Ahora, en la oscuridad, mientras los ecos apagados de la multitud se arremolinan con el viento, Lilly Caul camina sola vestida con un forro polar, vaqueros desgastados y un top hecho trizas. No puede dormir ni pensar; tampoco puede parar de llorar. Oye el ruido del estadio como si en su interior revolotearan mil insectos. Lo único que ha logrado el Xanax que le ha suministrado Bob es atenuar el dolor como si cubriera con un velo la estampida de pensamientos que inunda su cabeza. Tiritando de frío, se para en un portal frente a una droguería habitada.
—No es de mi incumbencia —dice una voz que surge de entre las sombras—. Pero una chica como tú no debería andar sola por estas calles.
Lilly se da la vuelta y advierte el destello de unas gafas de montura metálica en un rostro en la oscuridad.
—¿Qué más da? —le pregunta, entre suspiros y cabizbaja.
En la luz parpadeante de las farolas, el doctor Stevens avanza con las manos en los bolsillos, la gabardina abotonada hasta el cuello y una bufanda.
—¿Cómo lo llevas, Lilly?
Ella lo mira con los ojos bañados en lágrimas.
—¿Que cómo lo llevo? Estoy perfectamente —le contesta, intentando respirar, aunque siente como si tuviera los pulmones llenos de arena—. Siguiente pregunta estúpida.
—Deberías descansar un poco —le aconseja, mirándole los moratones—. Todavía sigues en estado de shock, Lilly. Necesitas dormir.
Ella se esfuerza por sonreír.
—Ya dormiré cuando me muera —le responde, se encoge y mira al suelo llorando—. Lo más gracioso es que casi ni lo conocía.
—Parecía un buen hombre.
—¿Sigue existiendo eso? —interroga al médico, mirándolo fijamente a los ojos.

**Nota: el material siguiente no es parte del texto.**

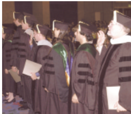
Doctors take the oath to honor and serve their little patients with the best care possible and to maintain the integrity of the profession at all times.

The Diplomates in Chiropractic Pediatrics (DICCP) are much in demand by consumers thanks to positive coverage by the media in newspapers and journals starting with the inauguration of the first graduating class in 1996. It takes three years to complete the program,
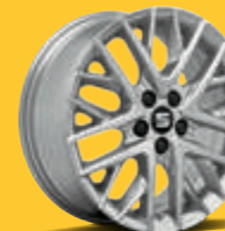
'Design' Alloy Wheels SE
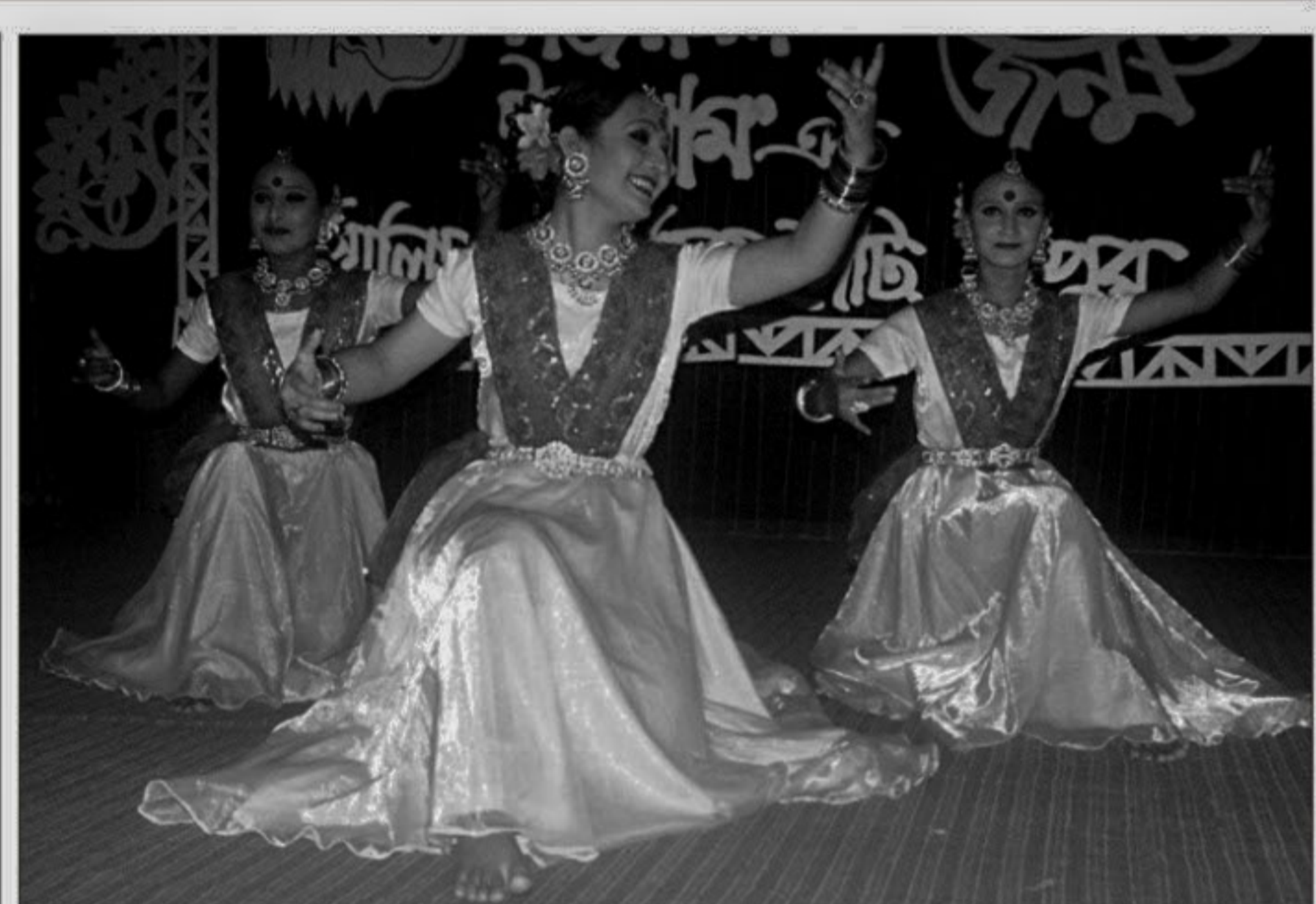
Artistes perform at the cultural function organised by Sammilito Sangskritik Jote at Rangpur Town Hall marking 111th anniversary of birth of national poet Kazi Nazrul Islam yesterday.

—¿A qué te refieres con «eso»?
—A las buenas personas.
—Creo que no.
Lilly traga saliva y baja la cabeza.
—Tengo que salir de este lugar —afirma, estremeciéndose entre sollozos—. No lo soporto más.
—Bienvenida al club —asiente Stevens.
Se hace un momento de silencio incómodo.
—¿Cómo lo haces? —Lilly se frota los ojos.
—¿Cómo hago qué?
—Seguir aquí…, acostumbrarte a esta mierda. Pareces una persona sensata.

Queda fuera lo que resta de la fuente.